This movie is one of the most bare and methodical I've seen. Every detail is narrated and the slow process of, for example, moving planks of wood from his door is detailed minutely, a work that took one month and had to be covered up every day. More than a film, this might be a documentation of the true story of a prisoner, or at least that is how it felt. Every single noise has a meaning - footsteps in the hallway, rocks under feet, Morse code against the wall, spoon scraping against the soil etc. The intro is in fact a note from the director saying he tells the story without ornament and that is exactly what it is.

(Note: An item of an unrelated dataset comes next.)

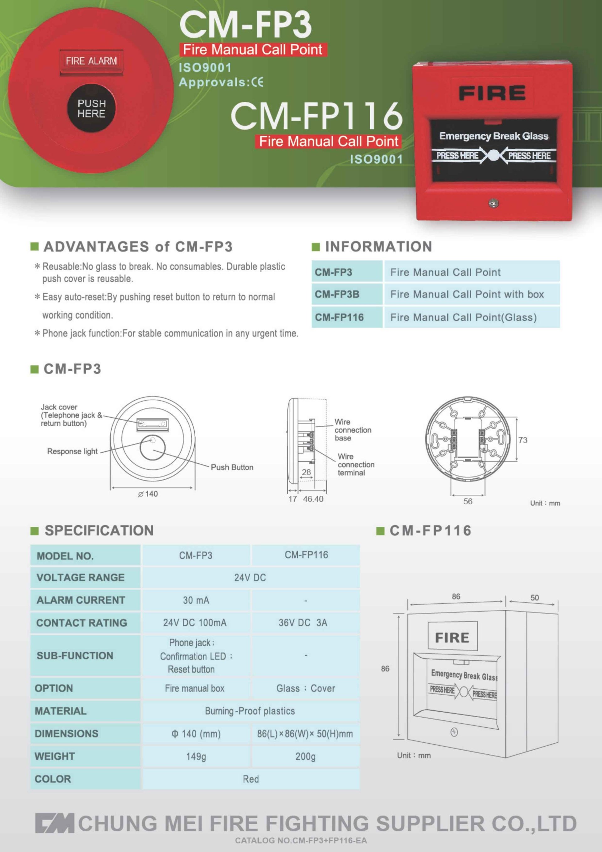CM-FP116 เป็นอุปกรณ์แจ้งเหตุเพลิงไหม้แบบทุบกระจก (Break Glass)
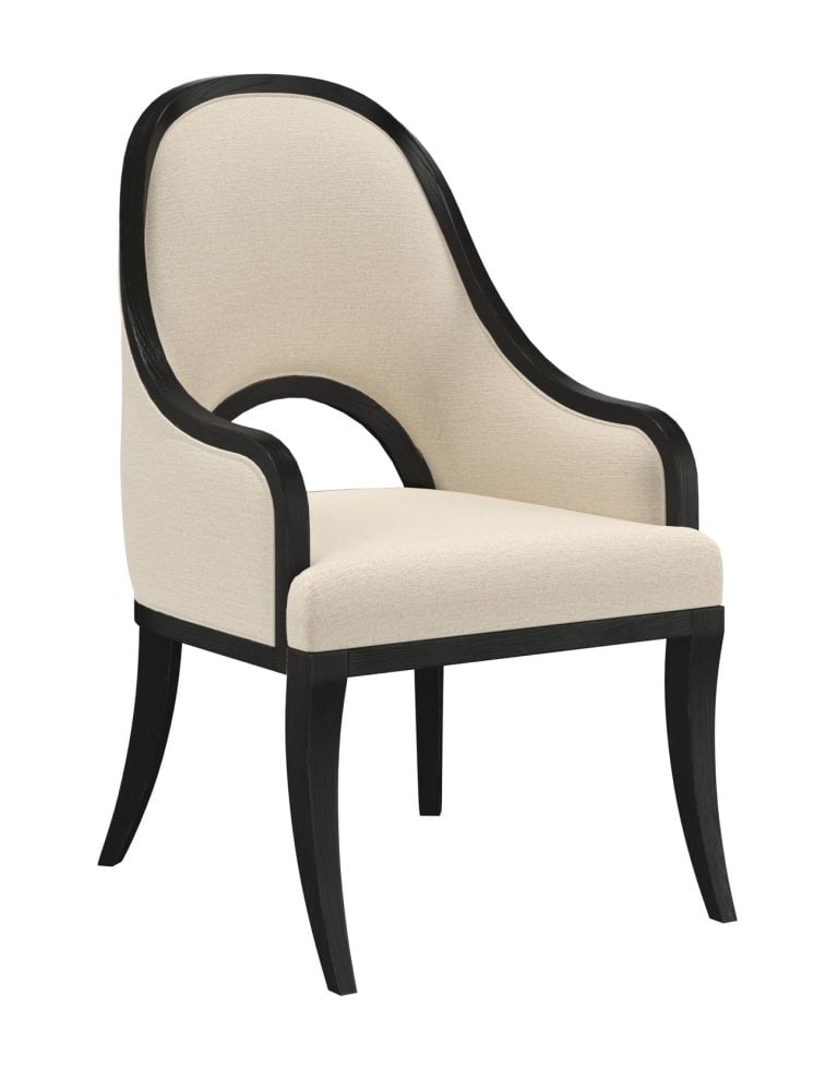 Product Description: ART Furniture 334200-2659 Atrium Hostess Chair - Exposed wood arm chair in blackened sable finish and contrasting beige fabric is as stately as it is comfortable, the hoop is repeated in an open arched space in the back for added elegance.

This movie felt real. Is it a good thing to aim for such realism? In this case, definitely. I don't know if it would be the case for any story but this was perfect. The viewer is stuck with Fontaine in the cell and they both want to escape. I wouldn't call it a perfect movie, but it's a perfect telling of a true story. I really enjoyed some details--for example, I think it was an awesome note of suspense when Fontaine gives the priest a note of everything he did in order to escape in case he doesn't make it. The viewer is then taken back, realizing that maybe he died while escaping or he got caught and we only know the story because of that note he gave the priest. It takes away the certainty we had that since we were being shown a true story, then the main character must have lived to tell the tale.

The movie will appear a little slow to anyone used to the contemporary standards. I guess this shows a thriller doesn't have to create anything more than a threatening environment. The dialogues aren't really important either as the narration tells us pretty much everything there is to know that the action doesn't reveal already. In any event, dialogues had to be short as the prisoners were constantly reminded that they couldn't talk to each other.

I liked: Creative and crafty, I wouldn't be surprised if the real instruments used in reality were recreated. Importance of sounds.

I disliked: Slow paced. Hard to distinguish the work of the film maker or the author.

80/100
A true thriller without any fast paced action. Skillful.